As of Monday, Baldwin and other Democrats were set to spend $5.3 million on television ads this week, good enough to earn them 14,000 gross ratings points – an industry measure of how many viewers will see an ad. Republicans are set to spend $6.2 million but only get 13,000 gross rating points because more of their spending comes from outside groups, which pay higher advertising rates, and because their candidates and committees book later in the cycle, when advertising time is more expensive.
Baldwin’s TV ads have focused on highlighting past statements from Hovde that make him sound like a rude, distinctly un-Midwestern “jerk.” Those include comments suggesting that people in nursing homes shouldn’t vote, that overweight people should pay more for health insurance, that farmers don’t work especially hard compared to their predecessors and that “females” spend too much time focusing on Hollywood.
The ads end on a catchphrase: “What the hell’s wrong with this guy?”
Hovde dismisses the attack ads as mere distractions.
“I’ve been focusing my time talking about the issues that matter to people in Wisconsin: Inflation, the open border, our health care crisis that we’re facing in this country,” Hovde told HuffPost. “She keeps making up these silly attack ads calling me a jerk. So I think people see through her ads and want to hear real, meaningful subjects.”
His ads have portrayed Baldwin as a left-wing twin of Harris on major issues.
Baldwin, for her part, clearly sees rising consumer costs as a potential political vulnerability. In an interview, she pointed to her work capping the cost of inhalers and also attacked diaper manufacturers and other big corporations for causing “greedflation.”
And in a state which backed Trump and sent the famously prickly Ron Johnson to the Senate three times, it’s not clear being a “jerk” is an insurmountable political liability.
“People say Hovde is a lot like Trump,” one Democratic strategist who has worked extensively in the state acknowledged. “And they mean that as a bad thing, but there’s ways that’s a good thing for him, politically.”
And then there are the ways the two candidates are interacting with their ticket-toppers. Baldwin was seemingly everywhere in the week leading up to her appearance in Jefferson County — an event in the Madison suburbs with the president of Planned Parenthood, a rally with college students at the University of Wisconsin campus in Whitewater, a small business event in Waukesha — but she was not with Harris.

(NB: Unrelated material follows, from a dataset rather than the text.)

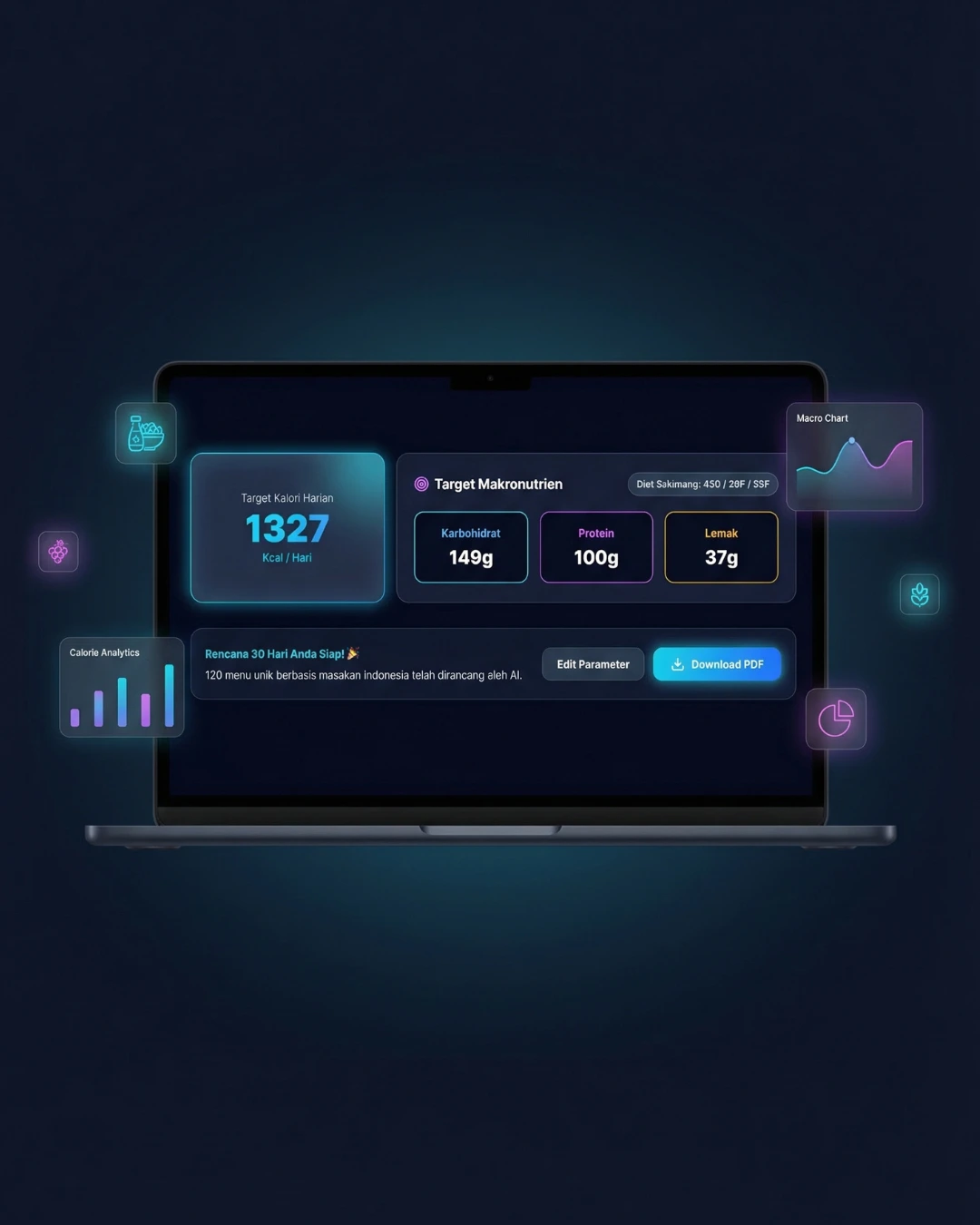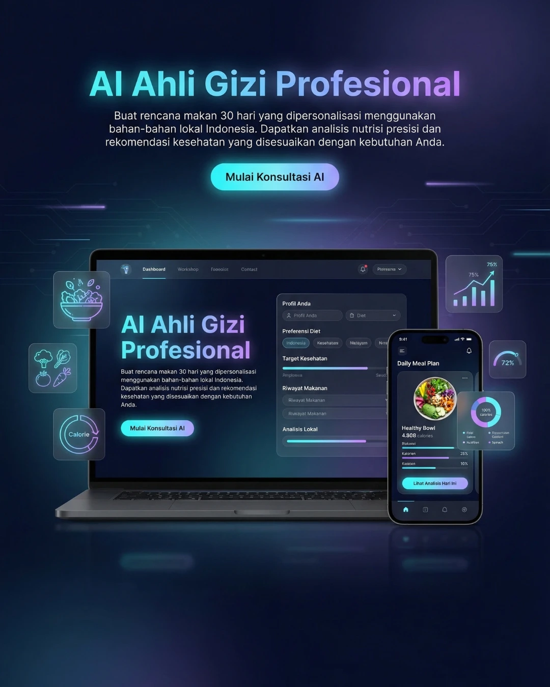 FITUR LENGKAP : Analisa berat badan dan summary nya, Kebutuhan Kalori harian, Mealplan 30 hari, AI Nutriscan untuk scanning kalori makanan harianmu

Two days earlier, Harris had appeared with former Rep. Liz Cheney (R-Wyo.) elsewhere in rural Wisconsin, specifically Ripon — the historic birthplace of the GOP. Baldwin wasn’t there, though she told HuffPost it wasn’t meant as a snub.
“When we get a notice three days beforehand that [Harris or the Democratic vice presidential nominee, Minnesota Gov. Tim Walz] are going to be somewhere, you make a decision of whether you cancel everything from that day to get up there or not,” Baldwin said on Saturday, after appearing on a roundtable with Black elected officials. “We’re going to make that call every time as these opportunities present themselves.”
Hovde, for his part, has sought to appear alongside Trump as often as possible, and to directly tie his fortunes to his party’s leader. The day after the interview in Racine, he jumped up on stage when Trump called on him during a rally in Juneau.
“I always love to be here with President Trump!” Hovde declared, adding: “Let’s get President Trump and me to Washington!”